US businesses spend more on wellness programs, but most don't measure results
Monday, January 10, 2011
Press release from the issuing company
New York – Despite spending more on employee wellness programs in 2010, only 37 percent of U.S. employers actually measure their program's effectiveness, a global survey released today indicates.
"WORKING WELL: A Global Survey of Health Promotion and Workplace Wellness Strategies," released by Buck Consultants, A Xerox Company, found that employers spent 35 percent more – about $220 – on each employee who participated in a wellness program compared to 2009.
These results were among the key findings of Buck's fourth annual global wellness survey which analyzed responses from more than 1,200 organizations in 47 countries representing more than 13 million employees.
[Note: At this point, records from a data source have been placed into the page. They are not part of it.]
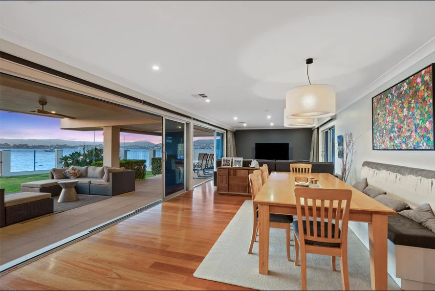 With a spectacular waterfront position, it was clear this family home was long overdue for an update. We relocated the master wing with generous walk-in-robe and luxurious ensuite over a new double garage, forming the additional first floor level. At ground level is the new open plan kitchen with walk-in-pantry, living and dining areas taking advantage of the level access to a covered terrace and incredible backyard with private jetty directly onto Brisbane Water. Incorporating a built-in BBQ area which connects the kitchen to the alfresco, new timber flooring, floor to ceiling windows and stacking sliders as well as a new laundry and guest powder room. The gourmet kitchen with solid brushbox timber bench top wraps around the gorgeous stone prep area and showcases a top of the range white Smeg induction cooktop as well as Sirius roof cassette rangehood. The internal floor plan was reconfigured, allowing for a new additional kids retreat area, 2 new bathrooms, reconfigured bedrooms and internal stair access to the first floor level.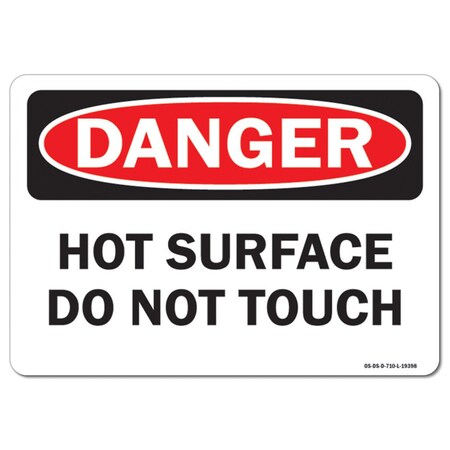 OSHA Danger Decal, Hot Surface Do Not Touch, 5in X 3.5in Decal, 10PK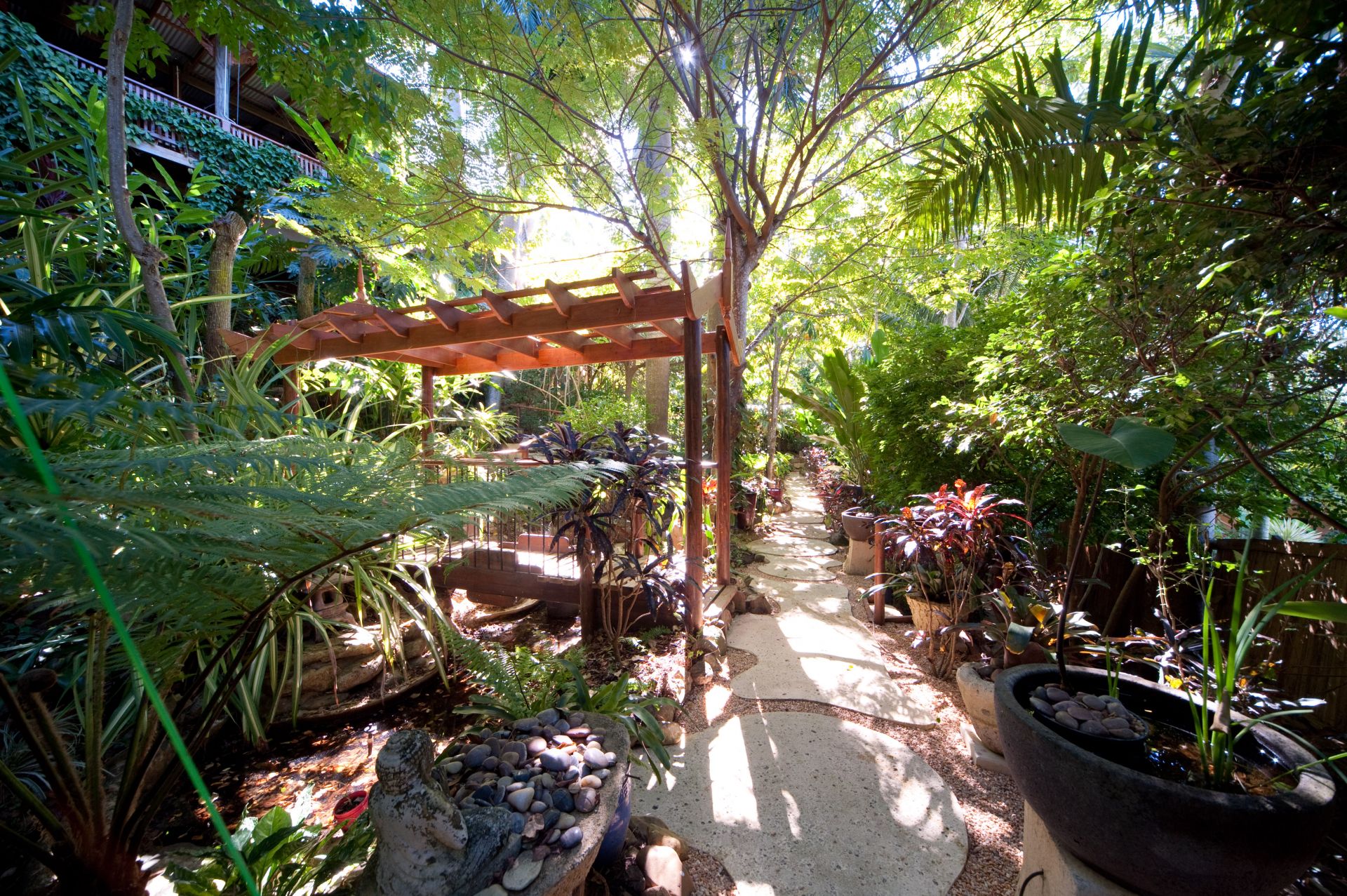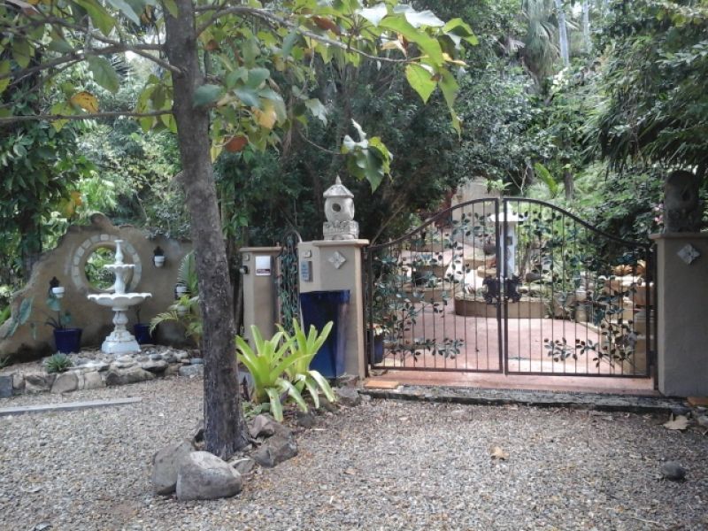 As you enter this property through the front wrought iron gates decorated with vines and roses, you will be transfixed by the tranquillity of the tropical gardens that have been screened on National TV. With no grass to mow, just gardens, pathways, statues and water features, this property boasts many quiet nooks to relax in or enjoy a cup of coffee with friends, be it a rock seat, a garden room, a pavilion or the temple.

"Organizations that measure the impact of their wellness programs are more successful at improving their employees' health and overall wellness," said Barry Hall, a Buck principal who directed the survey. "However, many simply don't know how to measure their results, or they don't have the resources to do so."
Wellness programs continued to gain momentum this year among U.S.-based organizations as a key strategy to reduce the cost of providing health care, improve worker productivity, and reduce absenteeism. Globally, improving productivity is the most important objective for wellness programs, with improving workforce morale and engagement rising from the third to the second most important objective.
Among U.S. respondents, 40 percent have measured how wellness programs affect the cost of providing health care benefits to their employees. Of those, 45 percent report success in slowing health care cost increases, with a typical reduction of two to five percentage points per year.
The U.S. results contrast with results in other regions on the health risks that drive wellness programs. Globally, reducing workplace stress is the top driver of wellness programs, particularly in Canada, Europe, Asia, Australia, the Middle East, and Africa. In the United States, the lack of physical activity is the top driver, and stress ranks much lower (sixth) as a health risk targeted by these programs.
Other key findings of Buck's wellness study include:
- Globally, 66 percent of respondents have a formal wellness strategy, a significant increase from 49 percent in 2007.
- Wellness programs are most prevalent in North America, where 74 percent of responding employers offer them.
- Eleven percent of U.S. respondents spend more than $500 per employee per year on wellness rewards, with the largest rewards reported at $3,000 per employee.
- The fastest-growing components of wellness programs are technology-driven tools. In three years, employers around the world expect a six-fold increase in their use of mobile technology – such as smartphones – to support employee wellness initiatives.
Additional issues covered by Buck's global survey include program design, organizational ownership of wellness programs, and communication strategies.
Buck Consultants' survey was conducted in association with Pfizer, CIGNA, Wolf Kirsten International Health Consulting, and WorldatWork.